The BBC reports that South Korea has signed a large land deal with Tanzania to develop land for ‘processed goods’. Half the 1000 km2 will be developed for local farmers according to the report. This comes after a number of deals involving state-owned and private companies from Saudi Arabia, Qatar, Kuwait, the US, UK and India. A good graphic accompanies an Economist article on the subject.
Whilst I don’t have a problem with companies exploiting land for commercial farming in principal I have reservations about state actors buying up huge parcels of land. State agencies may well be inclined to exploit power-relationships and political-economic hegemony to reduce regulation, ignore local concerns and escape oversight. Workers rights, environmental protection and local food security could all be at risk, not to mention property rights, access to historical commons, and cultural practices. Monocultures are rarely smart and the introduction of foreign agricultural methods need to be carefully thought through.
A case in point in Sekab’s plan to purchase 400000 hectares of land in Tanzania for ethanol production. By my reckoning that is an area larger than 63*63 km. This is actually relatively small compared to some of the other land deals in the pipeline but in this case it is a Swedish company that is involved, and one that is mostly state owned. Colleagues of mine have listed their concerns (in Swedish) regarding the deal. These include a lack of transparency, particularly in the environment impact assessment, forced appropriation of local farmers’ land, and dubious carbon emission/green house gas benefits.
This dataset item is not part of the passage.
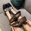 Γαλλικά ρετρό τετράγωνο μπροστινό μέρος χοντρό τακούνι μονόπατα γυναικεία άνοιξη και φθινόπωρο νέα βραδινά στυλ κορεατική έκδοση νεράιδα ψηλά τακούνια Mary Jane μικρά δερμάτινα παπούτσια
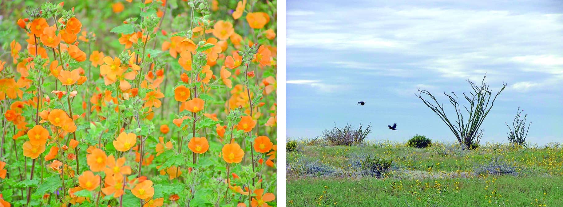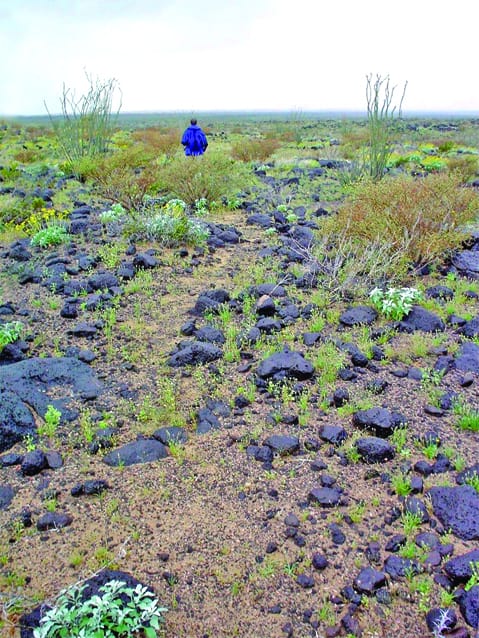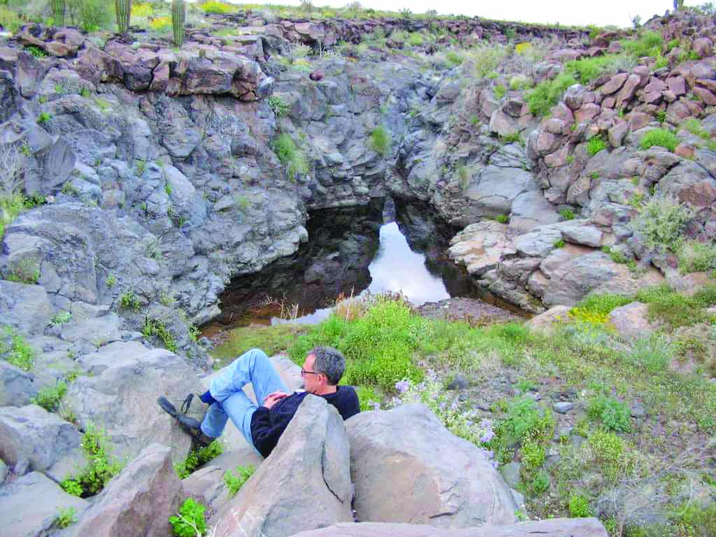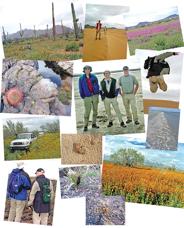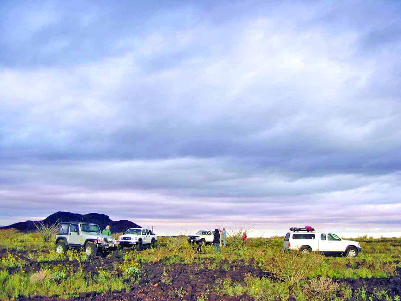 A series of unimproved trails connects most of the craters, which bear names from the Hornaday expedition, including MacDougal and Sykes Craters. Winter rains had brought the desert to life, and the area we expected to be parched and lunar rewarded us with six-foot-tall, brilliantly orange mallows intermixed with purple verbenas and glowing white evening primrose. The air was sweet with the scent of moistened creosote, and our progress slowed as the photographers captured the spectacular, rare bloom. Our first stop was at Papago Tanks, where Father Kino had watered in 1698. Navigation became a significant challenge after Papago Well, as the track was disguised by a sea of color, on several occasions requiring spotters to search for the route on foot.

The common thread in all these reports is the lack of consultation at the regional and local level, poor communication and a near total absence of transparency and the prospect of weak regulation. These deals will have medium to long term consequences for the regions in which they inhabit. It would be a tragedy if the deals were allowed to go ahead for short term political gain only to further degrade the quality of life of populations that are already under privileged. In the case of the Sekab deal I invoke the law of unintended consequences. When George Bush boosted US domestic ethanol production using maize global food prices rocketed creating local shortages. Those promoting these vast deals should beware of the potential consequences for the countries they are dealing with but also their own, less efficient, small farmers.